Laskarina Bouboulina has been a heroine of mine. Here is her story.

Laskarina Bouboulina:

Laskarina was born in a Constantinople prison on  May 11, 1771. She was the daughter of Stavrianos Pinotsis, a captain from Hydra island, and his wife Skevo. The Ottomans had imprisoned her father for his part in the failed Orlof Revolution of 1769–1770 against the Ottoman rule. During one of her mother’s visits, she was born. Her father died soon afterward and the mother and child returned to Hydra. They moved to the island of Spetses four years later when her mother married Dimitrios Lazarou-Orlof. Bouboulina had eight half-siblings.

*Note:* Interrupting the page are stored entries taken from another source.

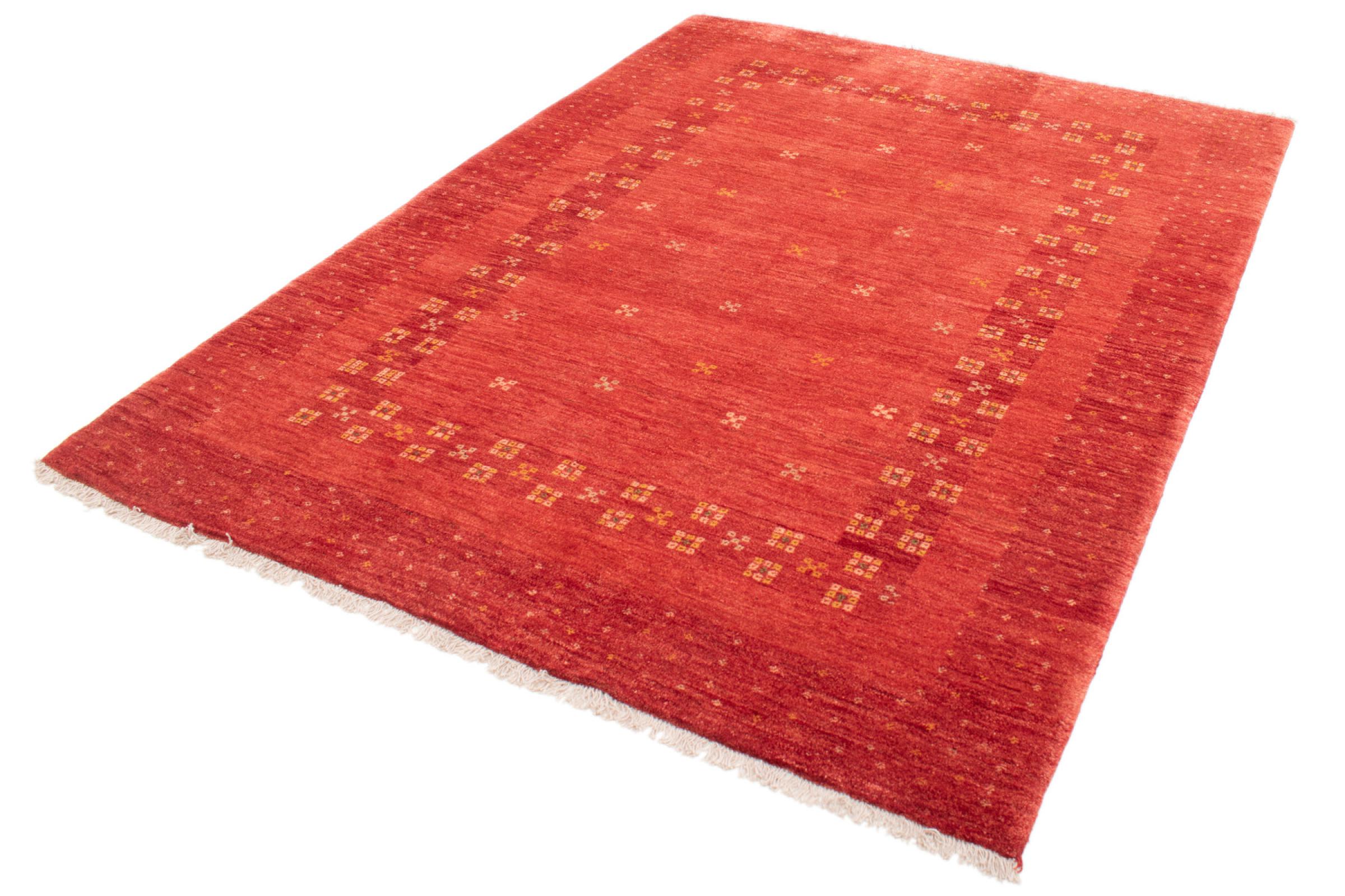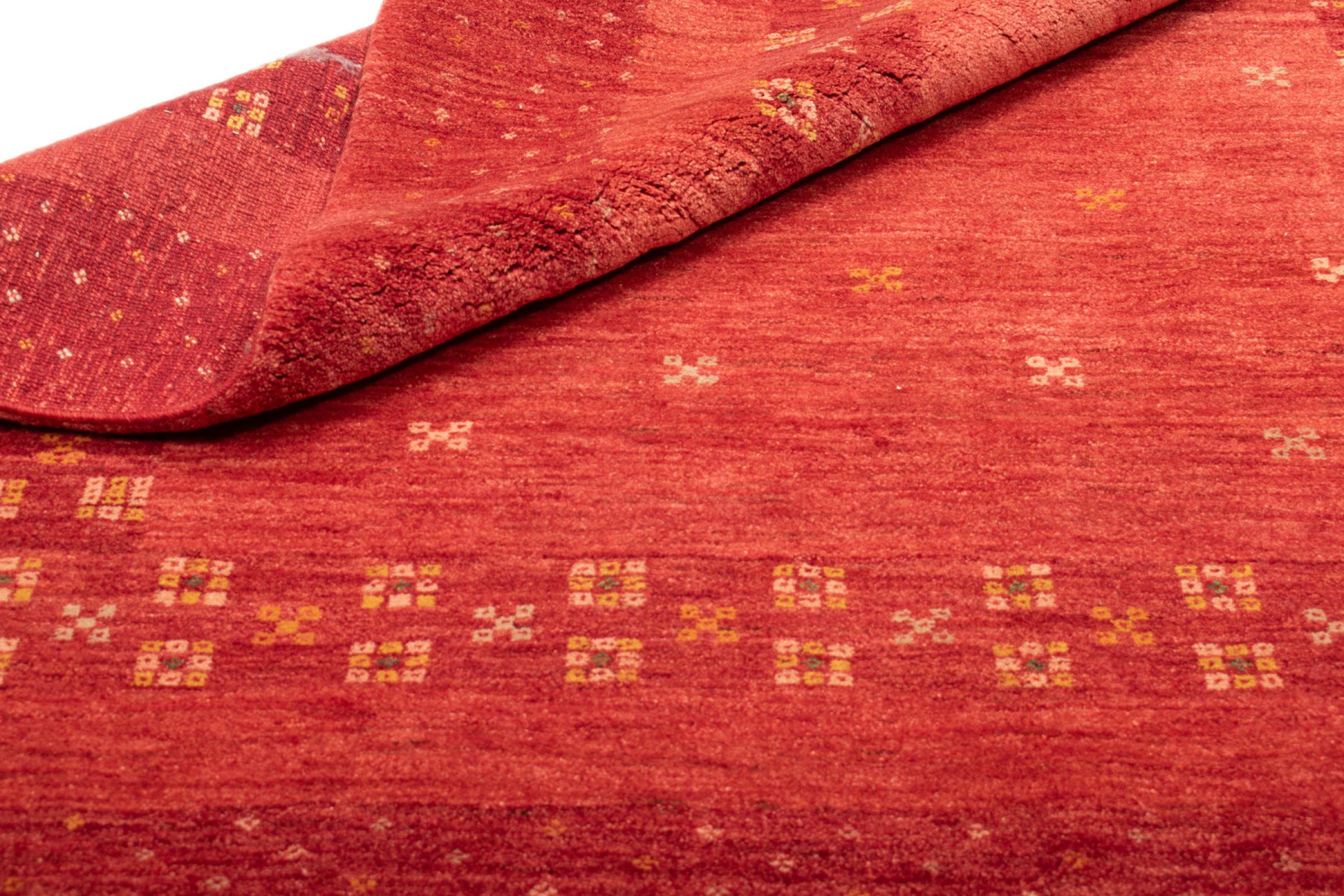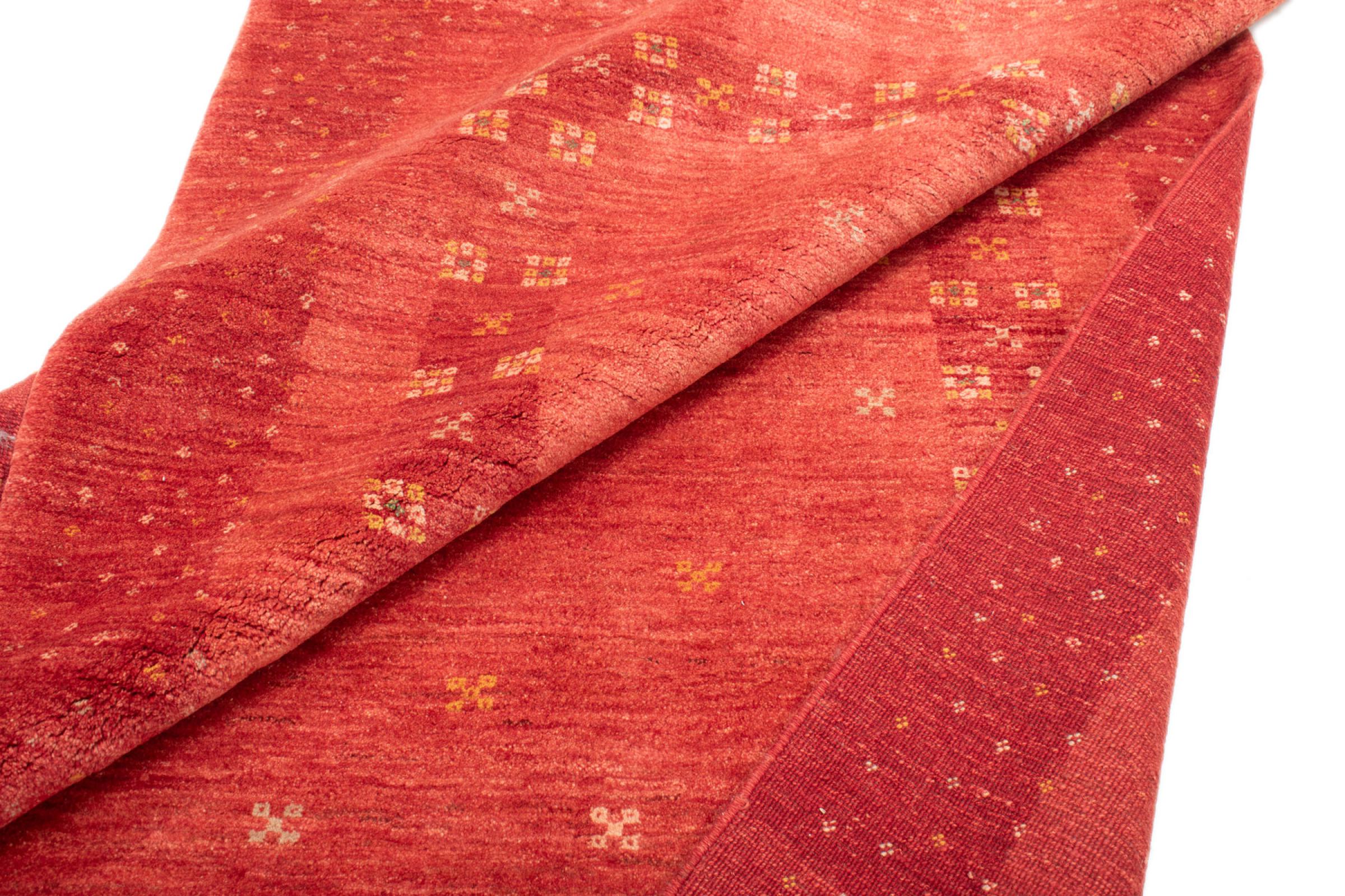 Esta hermosa alfombra es una Gabbeh persa y por lo tanto pertenece a las alfombras Gabbeh de mayor calidad. Las alfombras son anudadas por nómadas o seminómadas en Irán según la artesanía tradicional. Los motivos y patrones simples están inspirados en su mayoría por el entorno inmediato de los nómadas. Por ejemplo, los camellos, árboles o arbustos se pueden encontrar en las alfombras tradicionales. Las alfombras gabbeh persas están hechas de lana de rebaños de ovejas criados localmente. Por lo tanto, la lana se sigue hilando a mano. Así, cada una de estas alfombras orientales encarna un carácter único de la cultura de siglos de antigüedad.
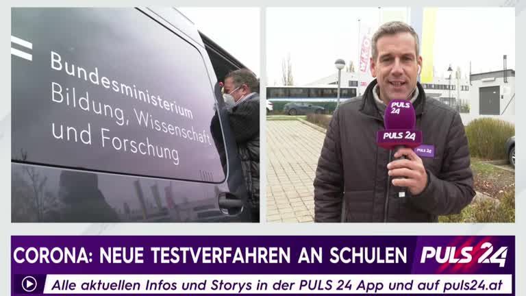 Puls 24 Reporter Werner Sejka hat sich die die neue Teststrategie an Schulen angesehen. Kinder, die sich dort als Verdachtsfälle herausstellen, sollen zunächst einen herkömmlichen PCR-Test unterzogen werden. Lehrpersonal und Mitschüler werden mithilfe eines neuen „RT-Lamp“-Verfahrens auf eine mögliche Erkrankung getestet, welcher mithilfe eines zuvor alamierten Testbuses zur Verfügung gestellt werden soll.
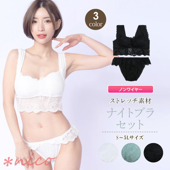 商品名(商品番号):S-5L ブラジャーノンワイヤー ナイトブラ &ショーツセット (j-4005)

It is said that Bouboulina joined the Filiki Etaireia, an underground organization that was preparing Greece for revolution against Ottoman rule. She would have been one of a few women, but she is not named in historical members lists.

She bought arms and ammunition at her own expense and brought them secretly to Spetses in her ships, to fight “for the sake of my nation.” Construction of the ship Agamemnon was finished in 1820. She bribed Turkish officials to ignore the ship’s size; it later became of the largest warships in the hands of Greek rebels. She also organized her own armed troops composed of men from Spetses. She used most of her fortune to provide food and ammunition for the sailors and soldiers under her command.

On March 13, 1821 Bouboulina raised on the mast of Agamemnon her own Greek flag, based on the flag of the Komnenos dynasty of Byzantine emperors. The people of Spetses revolted on April 3,  and later joined forces with ships from other Greek islands. Bouboulina sailed with eight ships to Nafplion and began a naval blockade. Later she took part in the naval blockade and capture of Monemvasia and Pylos. Her son Yiannis Yiannouzas died in May 1821, in battle at Argos against superior numbers of Ottoman troops.

She arrived at Tripolis in time to witness its fall on September 11, 1822 and to meet general Theodoros Kolokotronis. Their children Eleni Boubouli and Panos Kolokotronis later married. During the ensuing defeat of the Ottoman garrison, Bouboulina saved most of the female members of the sultan’s household.

When the opposing factions erupted into civil war in 1824, the Greek government arrested Bouboulina for her family connection with Kolokotronis; her son-in-law was killed during the events. Eventually, she was sent back to Spetses. She had exhausted her fortune for the war of independence.

Bouboulina spent most of her riches to supply ammunition and food for sailors and soldiers under her command. She would go on to participate in other naval blockages and the capture of Monemvasia and Pylos.

But in 1825, she was killed on the balcony of her house on Spetses during a family feud by an unknown assassin.